▶ **Try it**
In the copy, every line of the material that follows must appear exactly, and no pictures should.

▶ **Input data**

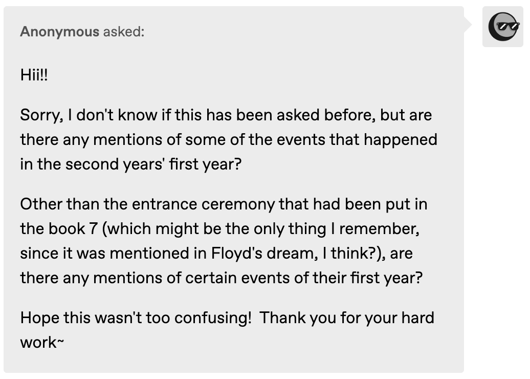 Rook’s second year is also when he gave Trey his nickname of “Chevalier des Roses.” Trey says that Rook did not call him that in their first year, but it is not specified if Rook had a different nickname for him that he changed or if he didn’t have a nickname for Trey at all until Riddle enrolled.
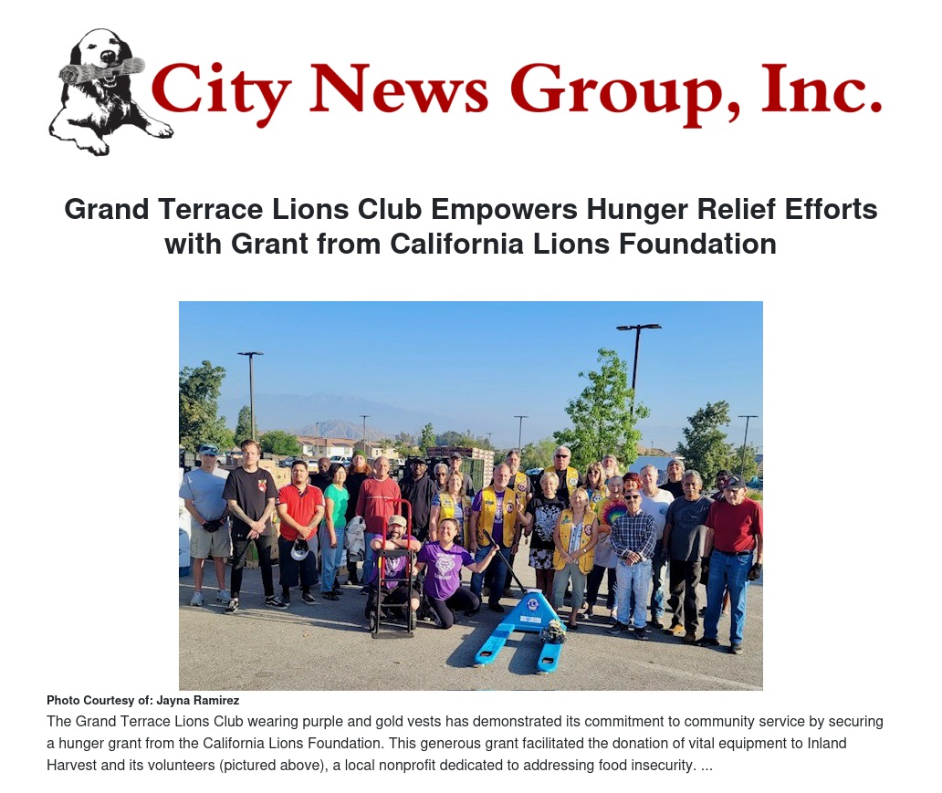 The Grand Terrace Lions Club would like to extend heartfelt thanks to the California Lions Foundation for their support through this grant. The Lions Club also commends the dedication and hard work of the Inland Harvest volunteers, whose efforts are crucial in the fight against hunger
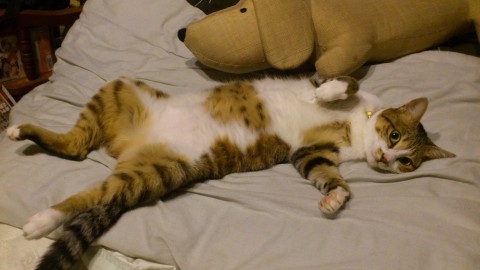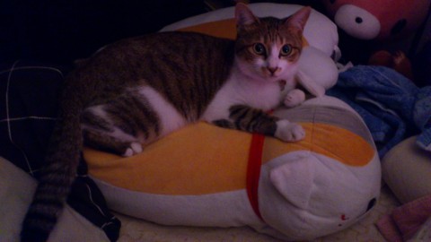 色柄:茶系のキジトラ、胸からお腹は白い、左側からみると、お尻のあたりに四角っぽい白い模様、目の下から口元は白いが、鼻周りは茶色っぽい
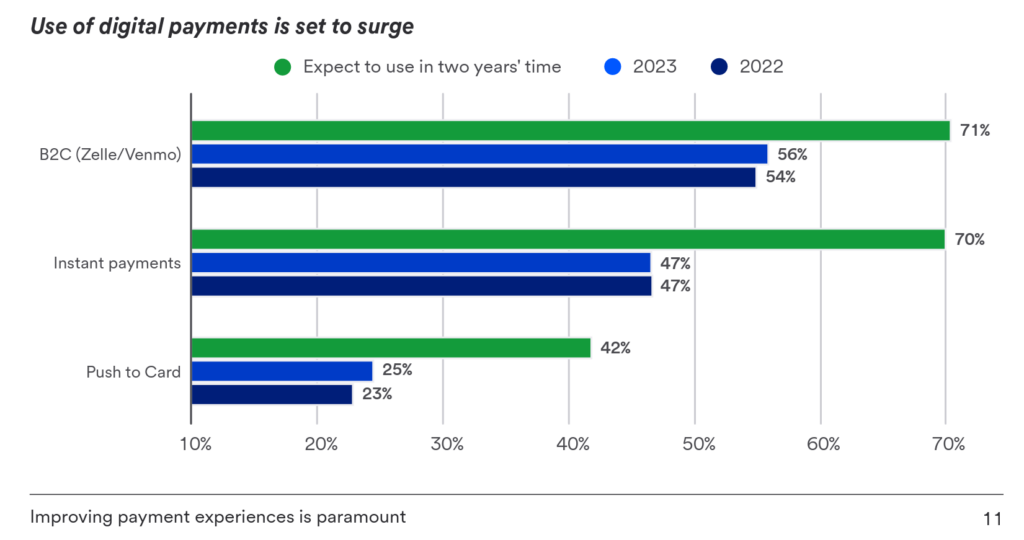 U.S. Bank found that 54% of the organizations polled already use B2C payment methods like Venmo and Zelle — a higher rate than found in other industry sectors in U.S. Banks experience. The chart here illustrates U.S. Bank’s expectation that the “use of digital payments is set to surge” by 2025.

▶ **Reply to the exercise**
 Rook’s second year is also when he gave Trey his nickname of “Chevalier des Roses.” Trey says that Rook did not call him that in their first year, but it is not specified if Rook had a different nickname for him that he changed or if he didn’t have a nickname for Trey at all until Riddle enrolled.
 The Grand Terrace Lions Club would like to extend heartfelt thanks to the California Lions Foundation for their support through this grant. The Lions Club also commends the dedication and hard work of the Inland Harvest volunteers, whose efforts are crucial in the fight against hunger
 色柄:茶系のキジトラ、胸からお腹は白い、左側からみると、お尻のあたりに四角っぽい白い模様、目の下から口元は白いが、鼻周りは茶色っぽい
 U.S. Bank found that 54% of the organizations polled already use B2C payment methods like Venmo and Zelle — a higher rate than found in other industry sectors in U.S. Banks experience. The chart here illustrates U.S. Bank’s expectation that the “use of digital payments is set to surge” by 2025.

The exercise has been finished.